§ **REQUIREMENT**
Set out word for word the line that contains "Poderão participar do" and each line after it, through the end of the data below, but exclude the pictures.

MATERIAL FOR THIS TASK Start Marker

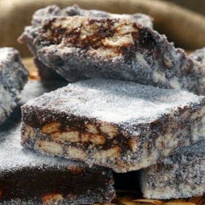 Leite condensado, biscoito maisena, chocolate em pó, margarina e açúcar.
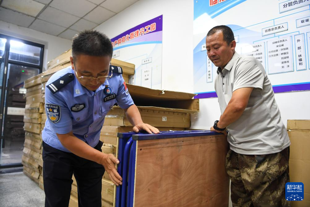 7月30日,在临城村临时安置点,临城边境派出所民警刘伟(左)与村党支部书记金勇诚为村民准备折叠床。
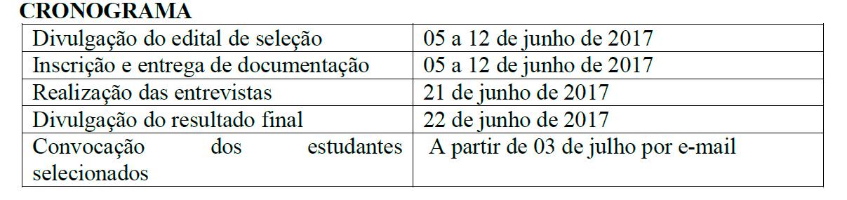 Poderão participar do presente processo de seleção os estudantes dos cursos de saúde da UFRB (BIS Enfermagem, BIS Medicina, BIS Nutrição, BIS Psicologia (a partir do 2 º. Semestre); Enfermagem, Medicina, Nutrição, Psicologia, BIS até 6º semestre). As inscrições serão realizadas por e-mail (Este endereço de email está sendo protegido de spambots. Você precisa do JavaScript ativado para vê-lo.) no período entre os dias 5 e 12 de junho de 2017 até 23:59h. Os estudantes deverão ter disponibilidade de 10 horas semanais, distribuídas em dois turnos (4 horas) ininterruptas de segunda a sexta manhã e/ou tarde (entre 8 às 17 horas). As 08 horas deverão ser dedicadas às atividades de coleta de dados e as 2 horas restantes serão destinadas às reuniões semanais com a coordenação da pesquisa.
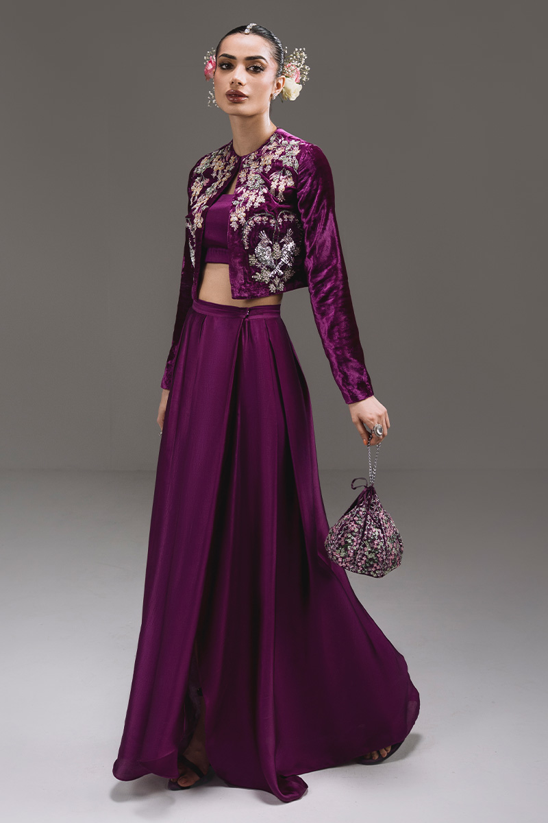 A chic round-neck, front-open jacket adorned with delicate embroidery and embellishments, radiating modern elegance. Paired with a soft, box-pleated skirt that drapes beautifully, this ensemble blends structure with graceful movement. A sophisticated look perfect for contemporary festive charm.
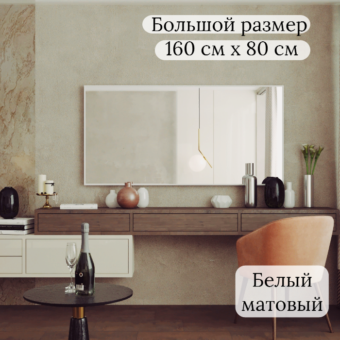 Зеркало настенное в раме 160х80 см, серия Merida, цвет белый матовый
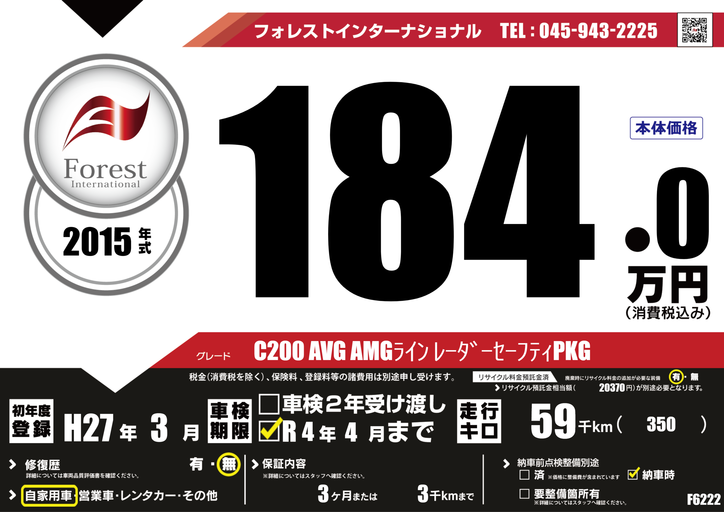 | 走行キロ | 5.9万km | 初年度登録 | H27年3月 |
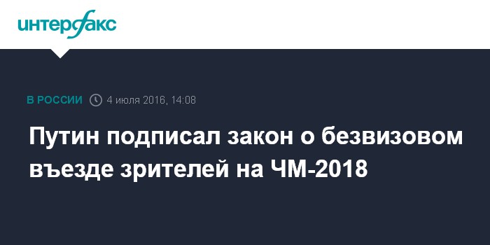 Москва. 4 июля. INTERFAX.RU - Президент РФ Владимир Путин подписал закон о безвизовом въезде в РФ зрителей на чемпионат мира по футболу в 2018 году, который также обеспечивает остальным лицам, включенным в списки FIFA, права на упрощенное и бесплатное оформление виз.

MATERIAL FOR THIS TASK End Marker

§ **EXPECTED OUTPUT**
 Poderão participar do presente processo de seleção os estudantes dos cursos de saúde da UFRB (BIS Enfermagem, BIS Medicina, BIS Nutrição, BIS Psicologia (a partir do 2 º. Semestre); Enfermagem, Medicina, Nutrição, Psicologia, BIS até 6º semestre). As inscrições serão realizadas por e-mail (Este endereço de email está sendo protegido de spambots. Você precisa do JavaScript ativado para vê-lo.) no período entre os dias 5 e 12 de junho de 2017 até 23:59h. Os estudantes deverão ter disponibilidade de 10 horas semanais, distribuídas em dois turnos (4 horas) ininterruptas de segunda a sexta manhã e/ou tarde (entre 8 às 17 horas). As 08 horas deverão ser dedicadas às atividades de coleta de dados e as 2 horas restantes serão destinadas às reuniões semanais com a coordenação da pesquisa.
 A chic round-neck, front-open jacket adorned with delicate embroidery and embellishments, radiating modern elegance. Paired with a soft, box-pleated skirt that drapes beautifully, this ensemble blends structure with graceful movement. A sophisticated look perfect for contemporary festive charm.
 Зеркало настенное в раме 160х80 см, серия Merida, цвет белый матовый
 | 走行キロ | 5.9万km | 初年度登録 | H27年3月 |
 Москва. 4 июля. INTERFAX.RU - Президент РФ Владимир Путин подписал закон о безвизовом въезде в РФ зрителей на чемпионат мира по футболу в 2018 году, который также обеспечивает остальным лицам, включенным в списки FIFA, права на упрощенное и бесплатное оформление виз.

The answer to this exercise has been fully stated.